[RFC] [PATCH] Cgroup based OOM killer controller

Tue Jan 27 02:53:00 PST 2009

On Tue, 27 Jan 2009, Nikanth Karthikesan wrote:

> > As previously stated, I think the heuristic to penalize tasks for not
> > having an intersection with the set of allowable nodes of the oom
> > triggering task could be made slightly more severe.  That's irrelevant to
> > your patch, though.
> >
> 
> But the heuristic makes it non-deterministic, unlike memcg case. And this 
> mandates special handling for cpuset constrained OOM conditions in this patch.
> 

Dividing a badness score by 8 if a task's set of allowable nodes do not 
insect with the oom triggering task's set does not make an otherwise 
deterministic algorithm non-deterministic.

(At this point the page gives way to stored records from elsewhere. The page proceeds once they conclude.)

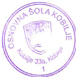
Ludvika Gjerek ravnateljica

Ustanoviteljico vrtca, Občino Kobilje, na podlagi prikazane tabele o sistemizaciji delovnih mest v vrtcu pri OŠ Kobilje za šolsko leto 2021/2022 na podlagi 108. člena Zakona o organizaciji in financiranju vzgoje in izobraževanja v RS (UI. RS 16/07 in spremembe), naprošamo za soglasje k sistemizaciji delovnih mest v vrtcu pri OŠ Kobilje za šolsko leto 2021/2022.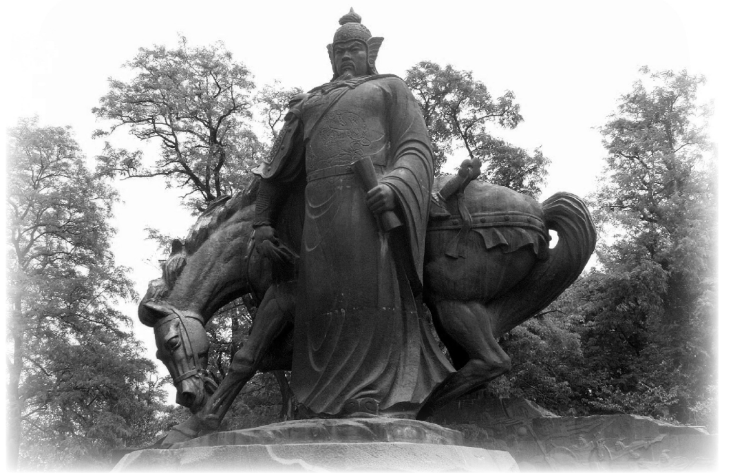
岳飛雕像，武漢黃鶴樓後

在岳飛的嚴厲教導下，其兒子岳雲年紀輕輕便驍勇善戰，屢立戰功。在著名的潁昌之戰中，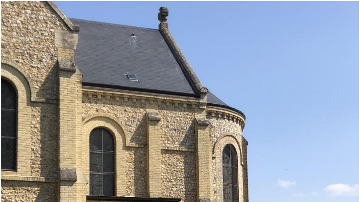
L'église de Rocquefort, en fin de parcours de la randonnée. - Louise Julien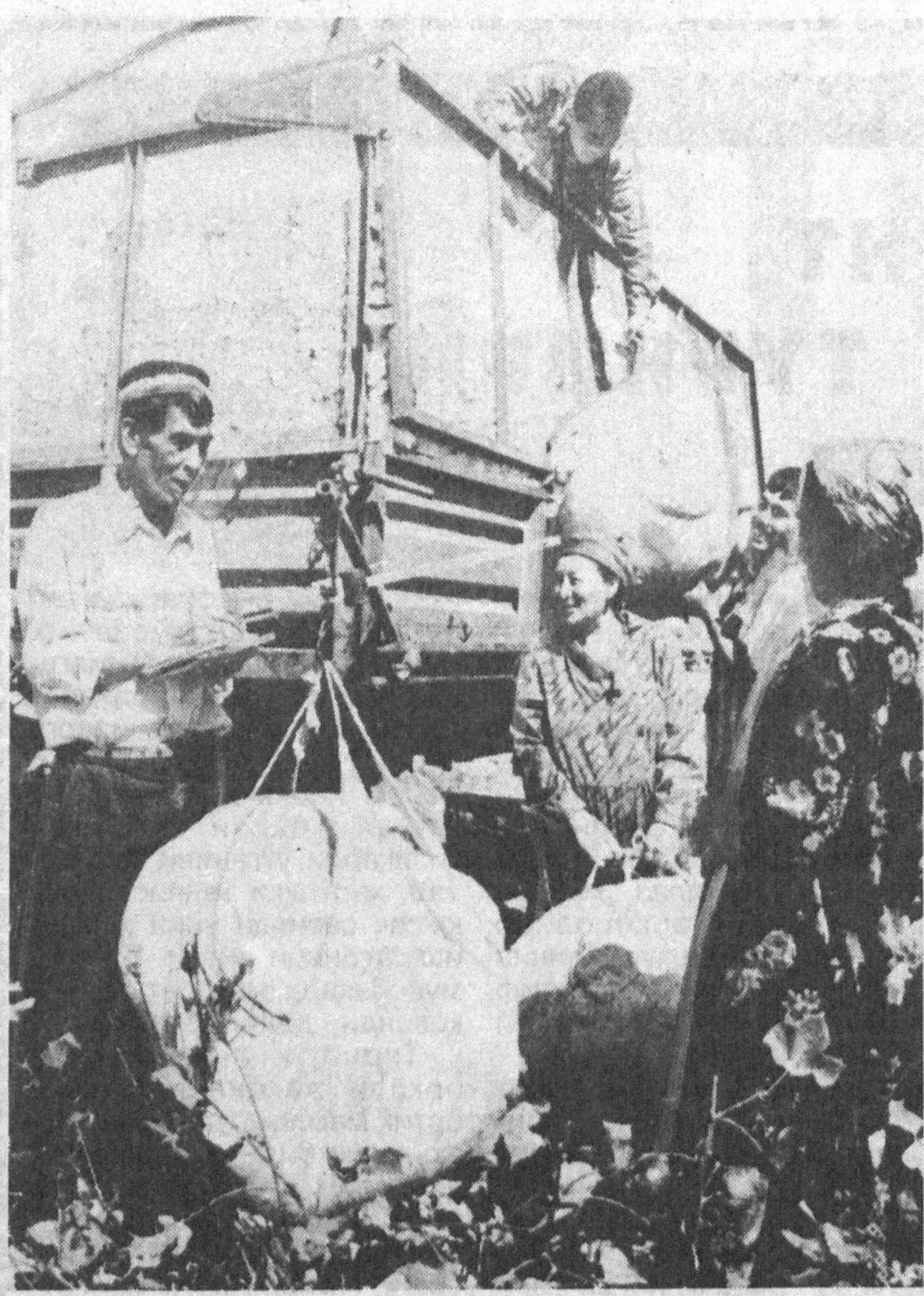
Оққўрғон тумани теримда иштирок ҳужаликлариде пахтани этайтган, хирмонда қўлда териш бошлаб ишлаётган, ҳосилни ора-юборилди. Мухим ишга тиш, ташиш, тушириш пухта ҳозирлик қўрилган, билан банд бўлганларга

I don't understand what you're arguing for here.  Are you suggesting that 
we should not prefer tasks that intersect the set of allowable nodes?  
That makes no sense if the goal is to allow for future memory freeing.

> > We also talked about a cgroup /dev/mem_notify device file that you can
> > poll() and learn of low memory situations so that appropriate action can
> > be taken even in lowmem situations as opposed to simply oom conditions.
> >
> 
> Userspace also needs to handle the cpuset constrained _almost-oom_'s 
> specially? I wonder how easily userspace can handle that.
> 

It handles it very well, cpusets are a client of cgroups and the 
/dev/mem_notify extension would be as well.  So to handle lowmem 
notifications for your cpuset, you would mount both cgroup subsystems at 
the same time and then poll() on the mem_notify file.  It would be 
responsible for the aggregate of tasks that the cgroup represents.

If lowmem notifications are implemented in the reclaim path, this is much 
easier for cpusets than for the memory controller, actually, since we 
already collect per-node ZVC information.

> > These types of policy decisions belong in userspace.
> 
> Yes, policy decisions will be made in user-space using this oom-controller. 
> This is just a framework/means to enforce policies. We do not make any 
> decisions inside the kernel.
> 
> But yes, the badness calculation by the oom killer implements some kind of 
> policy inside the kernel, but I guess it can stay, as this oom-controller lets 
> user policy over-ride kernel policy. ;-)
> 

The goal should not be to override the kernel's choice, because that 
decision depends heavily on the type of oom and the state of the machine 
at the time.  Appropriate changes to the oom killer's heuristics are 
always welcome; in my opinion, we should probably penalize tasks that do 
not intersect the triggering task's set of allowable nodes more than we 
currently do.

I think you'll find that your goals can be accomplished with a mem_notify 
cgroup and that it is a much more powerful interface so that your 
userspace policy can be better informed, especially if it is aware of 
lowmem situations where oom conditions are imminent.